▶ [AIM OF THE TASK]: Only the lines from the line with "16-page Tarot Reading" through the end of the records belong in your reply, copied exactly, with every picture left out.

▶ [RECORDED INFORMATION]:
··········
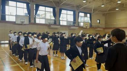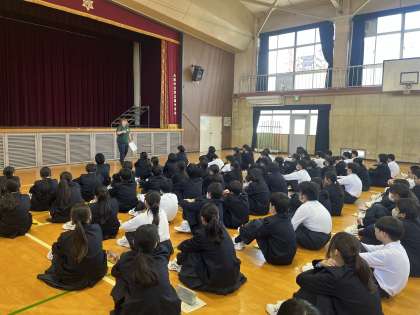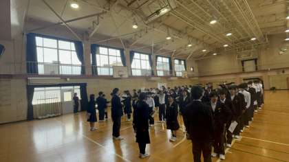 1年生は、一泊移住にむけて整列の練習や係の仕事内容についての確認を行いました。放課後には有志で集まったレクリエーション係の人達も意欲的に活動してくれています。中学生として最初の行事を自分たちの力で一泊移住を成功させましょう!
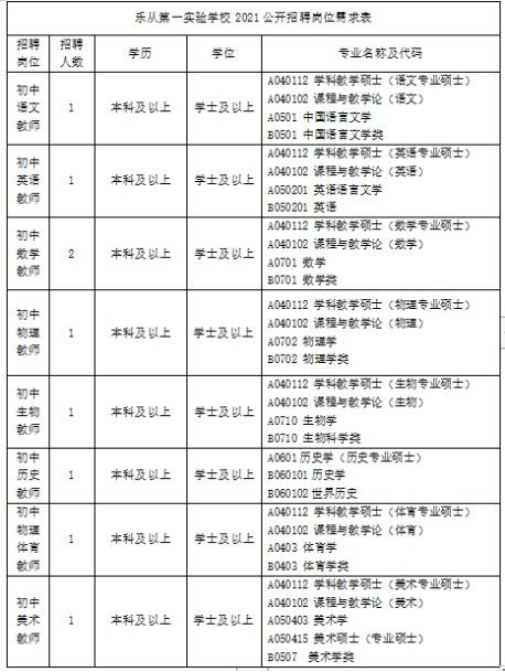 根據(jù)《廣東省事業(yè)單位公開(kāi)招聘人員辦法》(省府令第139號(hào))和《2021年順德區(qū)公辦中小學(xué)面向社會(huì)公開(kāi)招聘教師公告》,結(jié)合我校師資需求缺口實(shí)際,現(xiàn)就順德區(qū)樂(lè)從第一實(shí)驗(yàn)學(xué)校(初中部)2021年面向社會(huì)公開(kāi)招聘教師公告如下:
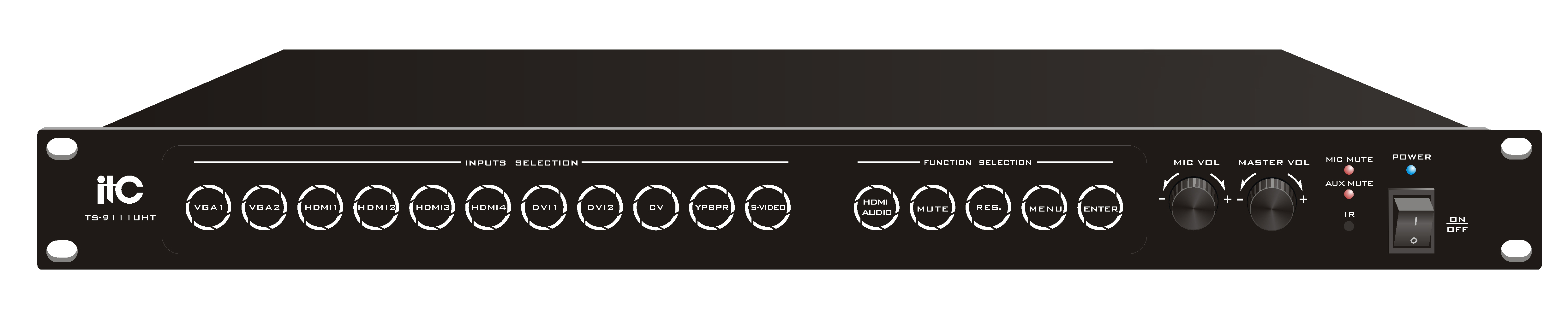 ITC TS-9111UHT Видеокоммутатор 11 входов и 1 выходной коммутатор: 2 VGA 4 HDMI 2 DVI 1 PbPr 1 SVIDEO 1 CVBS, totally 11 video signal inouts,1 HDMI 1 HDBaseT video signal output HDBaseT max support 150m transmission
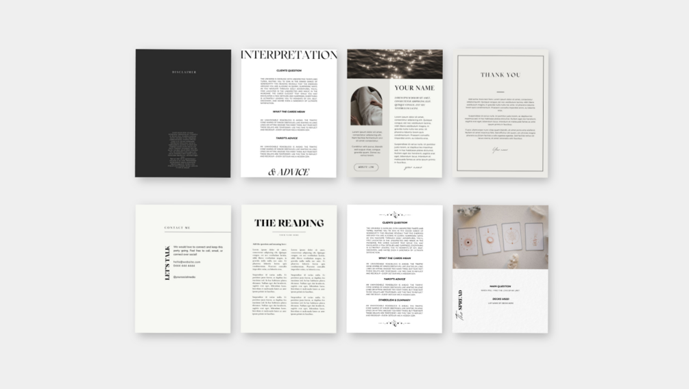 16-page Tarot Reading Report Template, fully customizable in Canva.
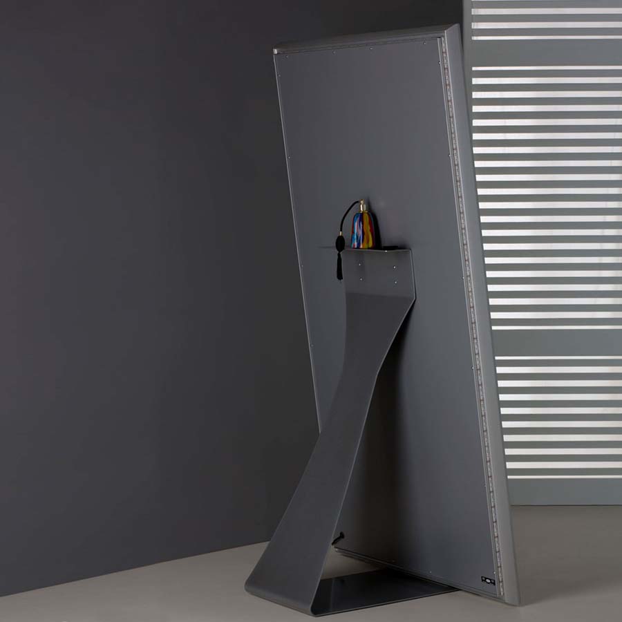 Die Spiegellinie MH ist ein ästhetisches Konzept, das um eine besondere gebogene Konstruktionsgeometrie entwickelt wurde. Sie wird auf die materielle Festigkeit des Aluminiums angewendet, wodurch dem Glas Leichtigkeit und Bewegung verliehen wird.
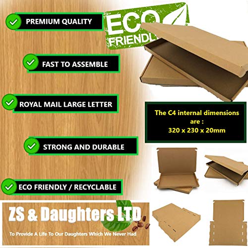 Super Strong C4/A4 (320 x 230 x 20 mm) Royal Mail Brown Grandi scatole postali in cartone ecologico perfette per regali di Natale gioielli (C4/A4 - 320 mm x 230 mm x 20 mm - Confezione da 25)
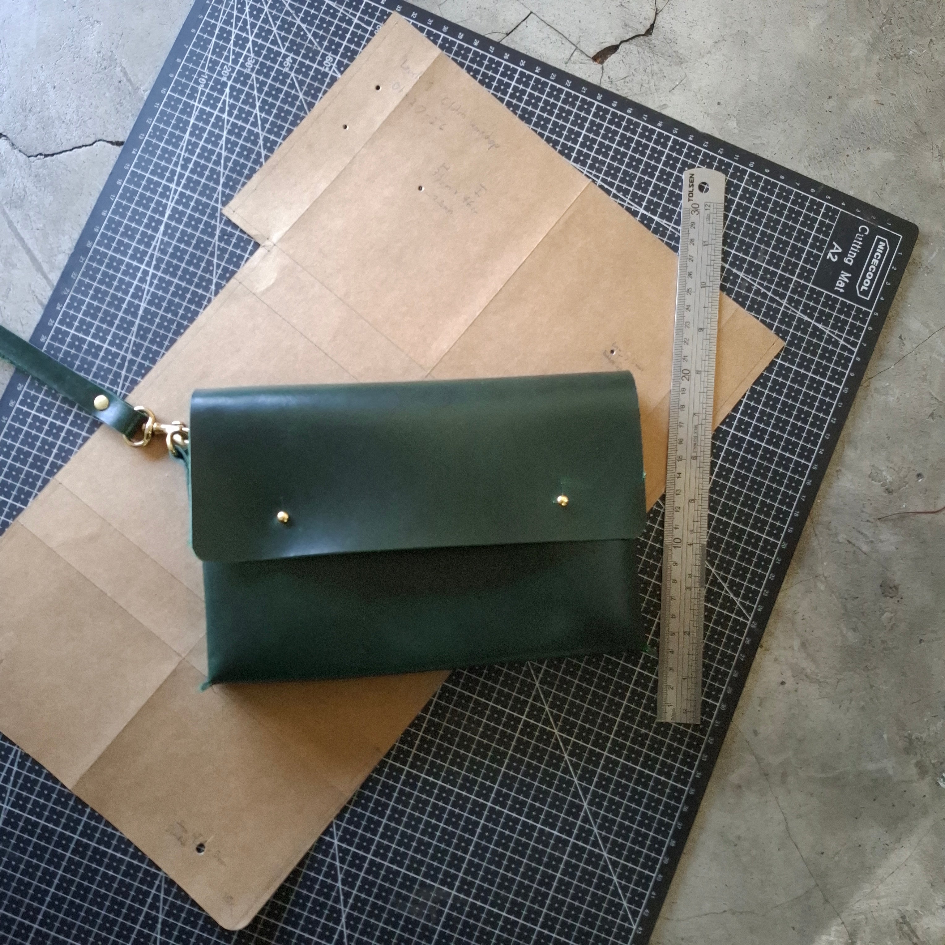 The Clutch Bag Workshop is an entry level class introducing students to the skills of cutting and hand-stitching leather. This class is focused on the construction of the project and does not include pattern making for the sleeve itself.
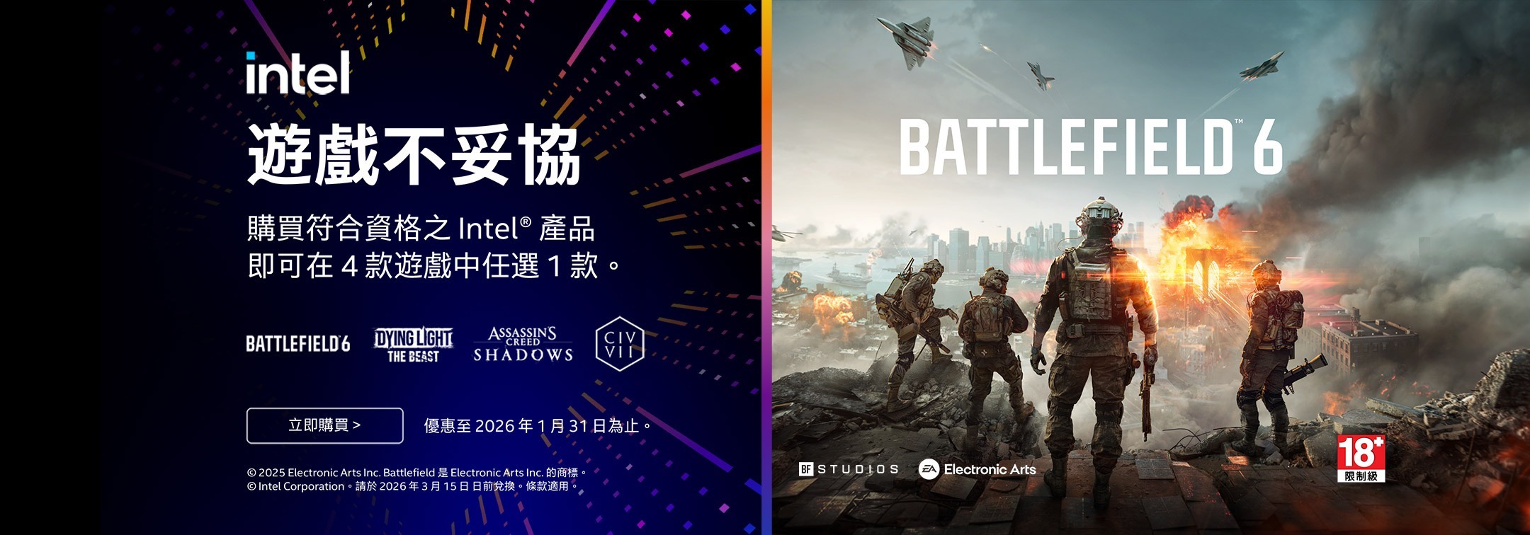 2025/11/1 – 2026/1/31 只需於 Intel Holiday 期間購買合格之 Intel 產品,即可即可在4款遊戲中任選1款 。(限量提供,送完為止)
··········
▶ [EXERCISE ANSWER]:
 16-page Tarot Reading Report Template, fully customizable in Canva.
 Die Spiegellinie MH ist ein ästhetisches Konzept, das um eine besondere gebogene Konstruktionsgeometrie entwickelt wurde. Sie wird auf die materielle Festigkeit des Aluminiums angewendet, wodurch dem Glas Leichtigkeit und Bewegung verliehen wird.
 Super Strong C4/A4 (320 x 230 x 20 mm) Royal Mail Brown Grandi scatole postali in cartone ecologico perfette per regali di Natale gioielli (C4/A4 - 320 mm x 230 mm x 20 mm - Confezione da 25)
 The Clutch Bag Workshop is an entry level class introducing students to the skills of cutting and hand-stitching leather. This class is focused on the construction of the project and does not include pattern making for the sleeve itself.
 2025/11/1 – 2026/1/31 只需於 Intel Holiday 期間購買合格之 Intel 產品,即可即可在4款遊戲中任選1款 。(限量提供,送完為止)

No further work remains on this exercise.